I was seated on the left of Prince Tullon, who sat at the left of Lord Forlakent. Mariva sat across from me, next to Aiven, and the Abella's were seated one next to me, and one next to Mariva. Everyone smiled very politely at each other, nodding and mouthing compliments and greetings as we began an elaborate breakfast, far worse then the ones at Court. There, everyone was at least subtle in their attempts to gain favor from the rich and powerful; or at least, the few nobles I'd met were.

All right, I can count the Court breakfasts I've had on one hand, but it certainly seemed like they were less fawning.
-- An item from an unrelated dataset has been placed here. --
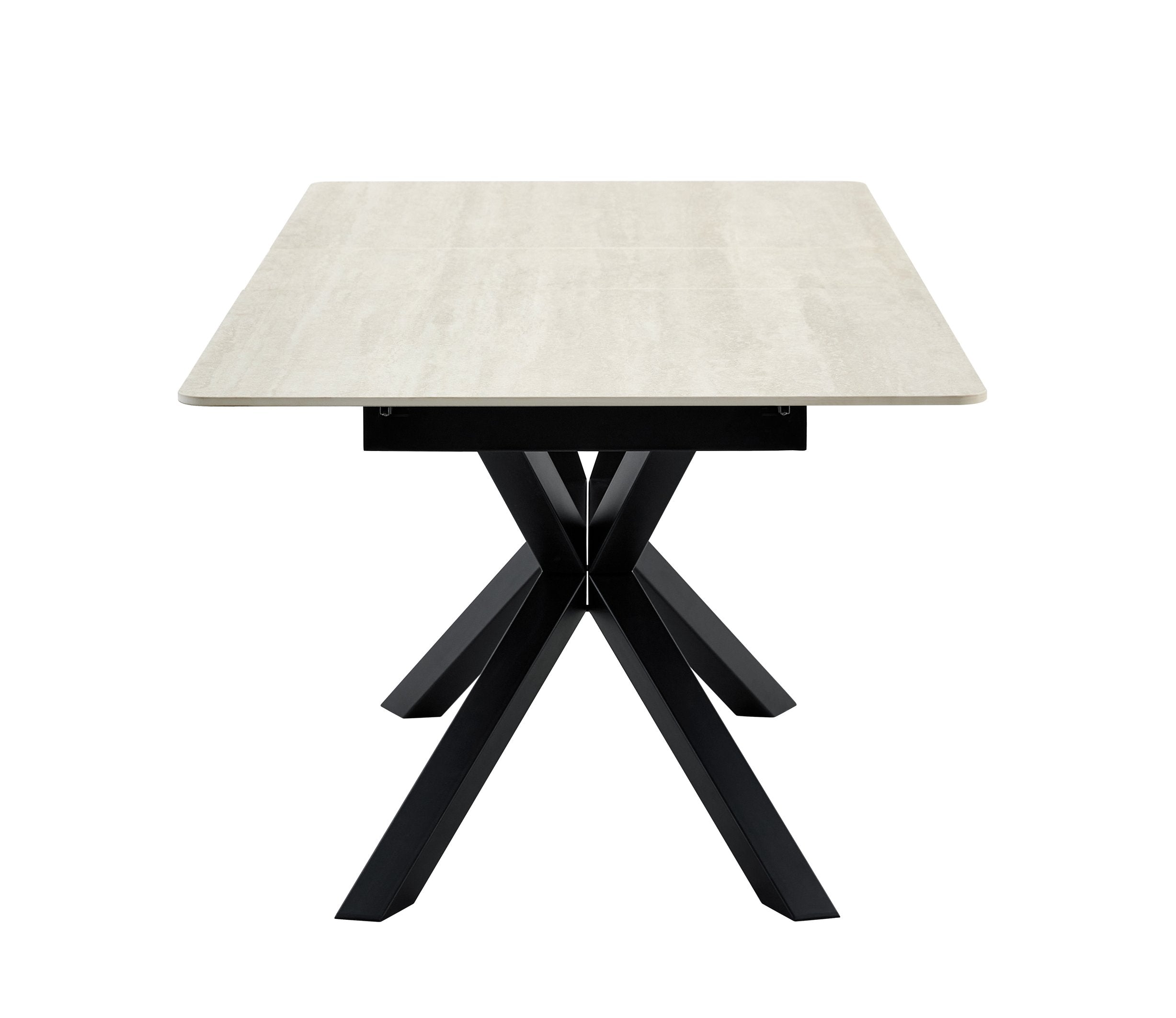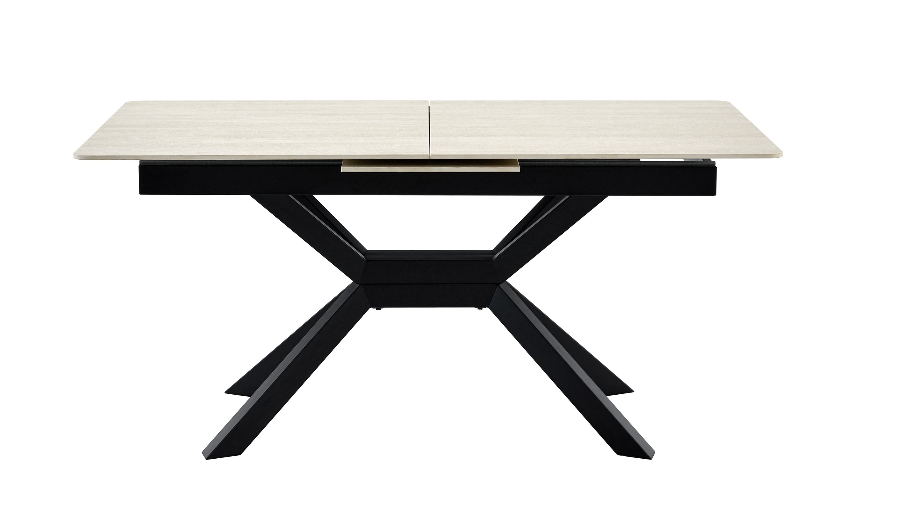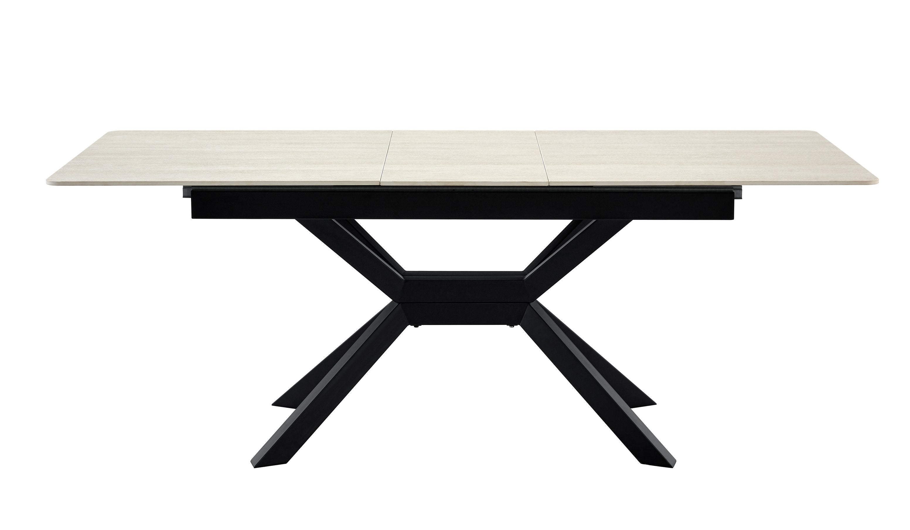 Bring contemporary elegance and practical versatility to your home or office with this modern extendable dining table. Crafted for everyday use and entertaining, it pairs a durable sintered stone tabletop with a geometric X-frame metal base for a clean, architectural look that fits dining rooms, kitchens, breakfast nooks, or meeting areas. The smooth, easy-care surface and reliable extendable mechanism make it ideal for compact living or expanding to accommodate guests.

Lord Forlakent was over-agreeable, and there was more food at that first-meal then at any of the others I'd had. Give me a roll, some fruit, and liquid chocolate and I was set. Those items were more luxuries then anything I was aquatinted with.

And although he served us four courses, the hot chocolate was watered down. It was downright insulting.

I barely had time to notice that the noble's drink wasn't as nice as usual before my attention was caught by the flirting glances from the twins to Aiven and Tullon. Mariva raised her eyebrows in amusement as I discreetly pantomimed flinging a spoonful of soup onto one of the ladies creamy velvet gown. It would probably stain, though, so I resisted. After all, the world would surely end if some rich noble's gown was ruined.

"Mariva," the Abella next to me said, "His Highness tells me you are interested in paintings from the Callaen Dynasty. We are honored to have two painting from then. Would you like to see them?"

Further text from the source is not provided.